**EXERCISE:** Set down every record below exactly as it stands, with the pictures omitted.

**MATERIAL PROVIDED:**
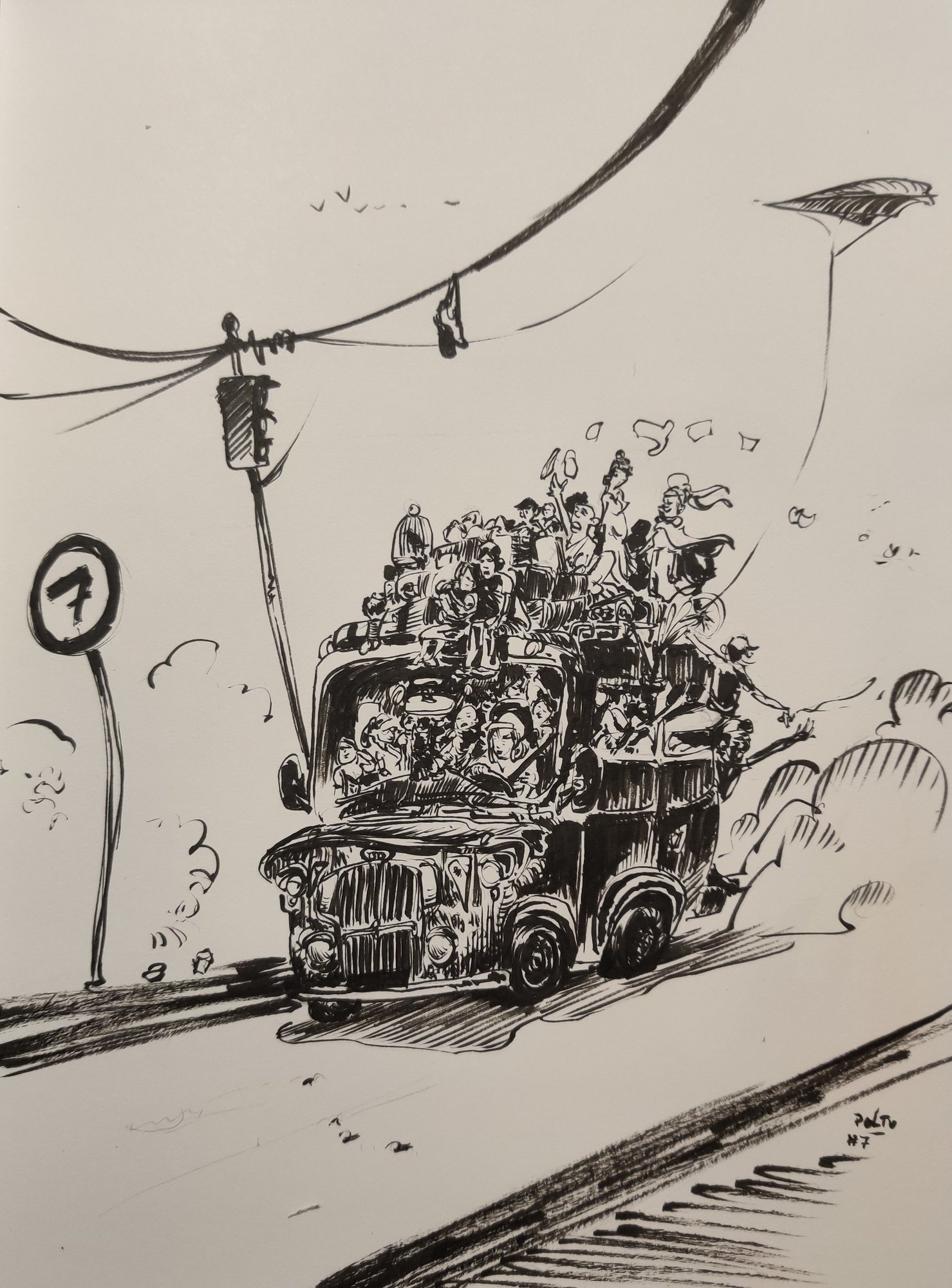 @QuardannaultSimple et efficace. ça colle parfaitement au thème 🙂 @FaydenSimple et efficace aussi lol. La line est super propre! GG @MarieBllyJ'aime beaucoup la lumière qui donne vraiment l'impression d'un coucher de soleil. @SylvusJ'adore le côté taches d'encre que tu donnes à tes illus. ça donne beaucoup de caractère en plus d'être bien réalisé! GG! Et non je ne suis pas tatoueur mais j'adore regarder des dessins de tatoueurs donc...^^ @GloubibarjoElles sont cools tes nanas. Tu taffes bien l'anatomie féminine avec cet inktober ! 🙂 Oui je pousse plus loin au fur et à mesure mais ça me ralentit de plus en plus. A voir combien de temps je vais tenir lol @ndreamCool ce côté crayonné ! J'l'aurais bien vu dans un carnet de voyage retrouvé dans ton grenier ^^ @gohlgrinmMDR oui ça a un côté Captain Igloo 😜 t'inquiètes on sait que l'univers de Pioupiou est à part donc ça fonctionne 😉 @deathkyssCool, je connaissais pas la série. J'irais voir ça 👍 @makoVraiment sympa cette illu. Un côté Jean-Baptiste Monge. @pandoMerci^^. Je le connais pas celui-là de Jules Verne...👍 @AyanethC'est vrai que ton bus a un côté magic bus lol. Et c'est vrai qu'en court de route, mon illu m'a fait penser à Hemingway, mais il était pas à bord d'un 3 mats 😉 @stefouBien joyeuse cette grenouille et oui y'a un côté "Love is all" XD @Archange.St.MichelCool cette illu, et pas évident la pose. On dirait Sakura de "Naruto" ^^6 points
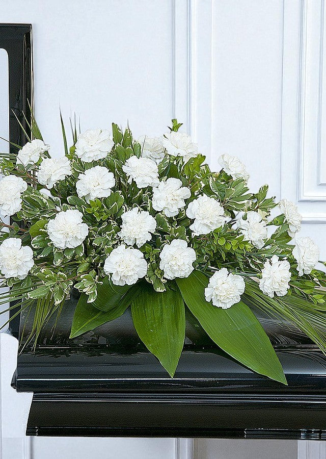 A modest and heartfelt arrangement of fresh white carnations, offering gentle comfort and quiet remembrance in a timeless design.
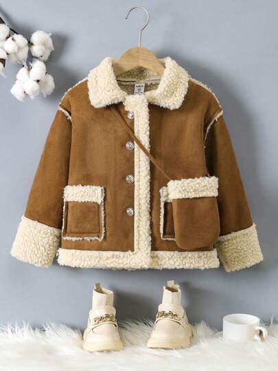 SHEIN Young Girl Khaki Fluffy Jacket + Versatile Casual Tote Bag, Pair With Pants Or Skirt, Suitable For Daily Wear And Outings - Khaki - View 1
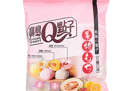 Эти моти сильно отличаются от традиционных из-за трех основных отличий: форма, вкус и начинка. Данные моти со вкусом фруктового ассорти (дыня, апельсин, клубника).
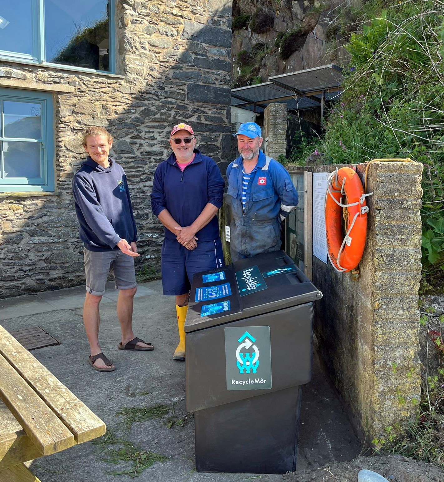 Lloyd Nev Kev at Abercastle Harbour with Recycle Mor Bin
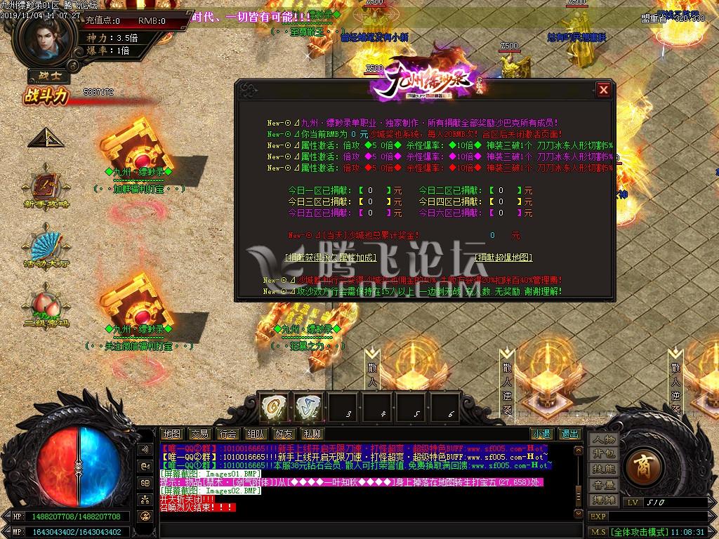 11月九州缥渺录单职业带假人版本|第三大陆|狂暴之力|捐献系统
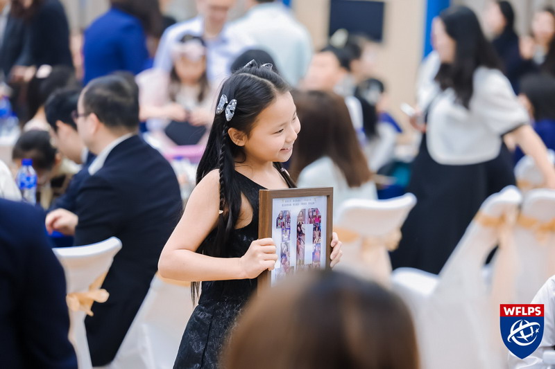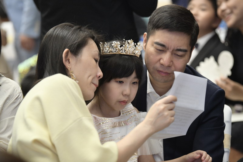 屏幕上滚动着一张张充满活力的全家福,孩子们穿上漂亮挺括的礼服,在布置一新的体育馆内,和爸爸妈妈留下温馨的合影,记录下美好的一刻。

**RESPONSE FOR THIS EXERCISE:**
 @QuardannaultSimple et efficace. ça colle parfaitement au thème 🙂 @FaydenSimple et efficace aussi lol. La line est super propre! GG @MarieBllyJ'aime beaucoup la lumière qui donne vraiment l'impression d'un coucher de soleil. @SylvusJ'adore le côté taches d'encre que tu donnes à tes illus. ça donne beaucoup de caractère en plus d'être bien réalisé! GG! Et non je ne suis pas tatoueur mais j'adore regarder des dessins de tatoueurs donc...^^ @GloubibarjoElles sont cools tes nanas. Tu taffes bien l'anatomie féminine avec cet inktober ! 🙂 Oui je pousse plus loin au fur et à mesure mais ça me ralentit de plus en plus. A voir combien de temps je vais tenir lol @ndreamCool ce côté crayonné ! J'l'aurais bien vu dans un carnet de voyage retrouvé dans ton grenier ^^ @gohlgrinmMDR oui ça a un côté Captain Igloo 😜 t'inquiètes on sait que l'univers de Pioupiou est à part donc ça fonctionne 😉 @deathkyssCool, je connaissais pas la série. J'irais voir ça 👍 @makoVraiment sympa cette illu. Un côté Jean-Baptiste Monge. @pandoMerci^^. Je le connais pas celui-là de Jules Verne...👍 @AyanethC'est vrai que ton bus a un côté magic bus lol. Et c'est vrai qu'en court de route, mon illu m'a fait penser à Hemingway, mais il était pas à bord d'un 3 mats 😉 @stefouBien joyeuse cette grenouille et oui y'a un côté "Love is all" XD @Archange.St.MichelCool cette illu, et pas évident la pose. On dirait Sakura de "Naruto" ^^6 points
 A modest and heartfelt arrangement of fresh white carnations, offering gentle comfort and quiet remembrance in a timeless design.
 SHEIN Young Girl Khaki Fluffy Jacket + Versatile Casual Tote Bag, Pair With Pants Or Skirt, Suitable For Daily Wear And Outings - Khaki - View 1
 Эти моти сильно отличаются от традиционных из-за трех основных отличий: форма, вкус и начинка. Данные моти со вкусом фруктового ассорти (дыня, апельсин, клубника).
 Lloyd Nev Kev at Abercastle Harbour with Recycle Mor Bin
 11月九州缥渺录单职业带假人版本|第三大陆|狂暴之力|捐献系统
 屏幕上滚动着一张张充满活力的全家福,孩子们穿上漂亮挺括的礼服,在布置一新的体育馆内,和爸爸妈妈留下温馨的合影,记录下美好的一刻。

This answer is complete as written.